With no annotations provided, the description carries full burden and does well: it describes the return format ('Condensed issue information'), smart truncation behavior ('Preserves key information, Removes redundancy, Fits context limits'), and includes contextual notes about what gets included (title, description, comments, status). It doesn't mention rate limits or authentication requirements, but provides substantial behavioral context.

Agents need to know what a tool does to the world before calling it. Descriptions should go beyond structured annotations to explain consequences.

Conciseness4/5

Is the description appropriately sized, front-loaded, and free of redundancy?

The description is well-structured with clear sections (Returns, Use when, Includes, Smart truncation, Related tools) and uses bullet points efficiently. Every sentence earns its place, though the 'Smart truncation' section could be slightly more concise.

Shorter descriptions cost fewer tokens and are easier for agents to parse. Every sentence should earn its place.

Completeness4/5

Given the tool's complexity, does the description cover enough for an agent to succeed on first attempt?

For a tool with 3 parameters, 100% schema coverage, but no annotations and no output schema, the description provides good context: purpose, usage guidelines, behavioral traits, and sibling differentiation. It doesn't describe the exact output format or error conditions, but covers most essential aspects given the structured data available.

Complex tools with many parameters or behaviors need more documentation. Simple tools need less. This dimension scales expectations accordingly.

Parameters3/5

Does the description clarify parameter syntax, constraints, interactions, or defaults beyond what the schema provides?

Schema description coverage is 100%, so the schema already fully documents all three parameters. The description doesn't add any parameter-specific information beyond what's in the schema. According to guidelines, when schema coverage is high (>80%), baseline is 3 even with no param info in description.

Input schemas describe structure but not intent. Descriptions should explain non-obvious parameter relationships and valid value ranges.

Purpose5/5

Does the description clearly state what the tool does and how it differs from similar tools?

The description clearly states the tool's purpose: 'Generate AI-friendly issue summary' with specific components included (title, description, comments, status). It distinguishes from sibling gitlab_get_issue by emphasizing condensed vs full details, and from gitlab_summarize_pipeline by specifying issue vs pipeline focus.

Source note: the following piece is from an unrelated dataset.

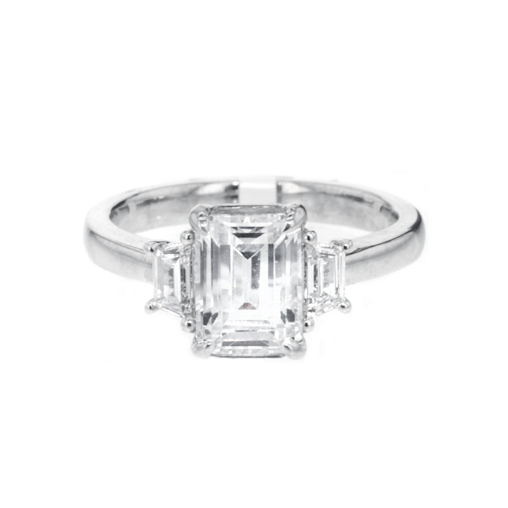 Platinum semi-mount ring with a four-prong setting for a 2.50 carat emerald-cut center. Accented with 2 trapezoid diamonds totaling 0.33 carats, four-prong set, GH color and SI clarity. Center sold separately. Available by special order in other metals, shapes, and sizes.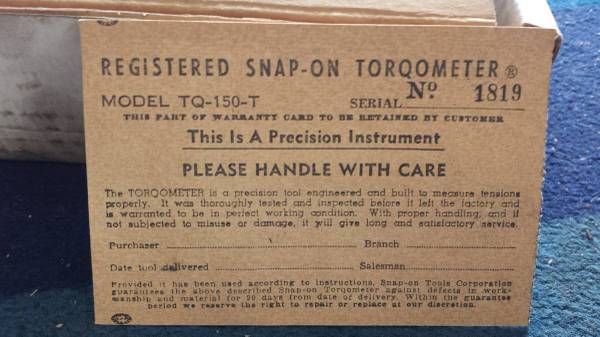 1/2" drive and reads from zero to 150 foot pounds. Comes in original box, with original instructions and warranty card even. 1960s era and in excellent condition Used with a breaker bar or ratchet,...

Agents choose between tools based on descriptions. A clear purpose with a specific verb and resource helps agents select the right tool.

Usage Guidelines5/5

Does the description explain when to use this tool, when not to, or what alternatives exist?

The description explicitly provides usage guidance: 'Use when: Processing issues with AI' and 'Related tools:' section names specific alternatives (gitlab_get_issue for full details, gitlab_summarize_pipeline for pipeline summaries). This gives clear when-to-use and when-not-to-use context.

Agents often have multiple tools that could apply. Explicit usage guidance like "use X instead of Y when Z" prevents misuse.